KEY POINTS
- Local content intervention funds reached 132 Nigerian companies.
- Indigenous participation rose to 61 percent this year.
- Local content intervention funds support assets, jobs and ownership.
A total of N51.785 billion ($33.7 million) and $359.653 million from local content intervention funds have gone to at least 132 Nigerian businesses.
This demonstrates that there is a persistent drive to get more Nigerians interested in the oil and gas industry in their own country. The Nigerian Content Development and Monitoring Board (NCDMB) is in charge of the money. It comes from a number of sources, including the $350 million Nigerian Content Intervention Fund, the $50 million Working Capital Fund funded by NEXIM Bank, and the Women in Oil and Gas Fund. The funding aims to help Nigerian businesses strengthen their balance sheets and play a bigger role across the energy value chain.
Fresh data released by the Board on Monday shows a broad spread of beneficiaries, ranging from manufacturers to contractors and asset owners, reflecting a strategy focused on long-term capacity rather than short-term contracts.
Local content intervention funds boost capacity
According to the NCDMB, three manufacturing firms received N7.561 billion, while 38 companies accessed N22.144 billion and $205.666 million for asset acquisition. Another 10 firms obtained N2.232 billion and $24.728 million to finance contracts, and 25 companies secured N15.98 billion and $115.998 million for loan refinancing.
Speaking at a media stakeholders’ workshop in Abuja, NCDMB Director of Corporate Services Abdulmalik Halilu said the impact of the local content intervention funds is already visible. He noted that Nigerian participation in the oil and gas sector has risen to 61 percent this year, from 44 percent three years ago.
“The NLNG Train-7 project alone engaged about 8,000 Nigerians,” Halilu said, citing it as evidence that local content policies translate into jobs and skills development rather than paper compliance.
Local content intervention funds reshape industry
Halilu stressed that local content is rooted in global best practices, not protectionism. Under the Nigerian Oil and Gas Industry Content Development Act, the Board balances enforcement with capacity building, supported by 17 broad schedules and nearly 300 performance indicators.

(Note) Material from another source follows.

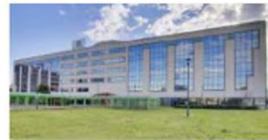
La sede di WITTENSTEIN S.P.A. a Sesto San Giovanni (MI)

Con circa 2.900 collaboratori in tutto il mondo WITTENSTEIN SE è sinonimo di innovazione, precisione ed eccellenza nelle trasmissioni meccatroniche. Sei divisioni sviluppano e commercializzano riduttori epicicloidali di precisione, attuatori rotativi e lineari, servoazionamenti, sistemi lineari a pignone e cremagliera, micromotori, componenti per le nanotecnologie e l'industria 4.0.

He said local content policies are driving industrialisation, asset ownership, research ecosystems and sustainable operations. Projects such as NLNG Train-7, which engaged 1,400 vendors alongside 500 expatriates, have enabled local fabrication of pressure vessels, pumps, cables and industrial equipment now used beyond oil and gas.
Legacy investments, including the FPSO integration yard in Lador, are also reducing reliance on foreign capacity and positioning Nigerian firms for future projects.
Looking beyond Nigeria, Halilu said the Board is working through the African Petroleum Producers’ Organisation to promote local content across the continent, arguing that only regional scale can attract high-end investments. Initiatives such as the Africa Energy Bank and the Brazzaville Accord, he said, reflect Nigeria’s leadership in that effort.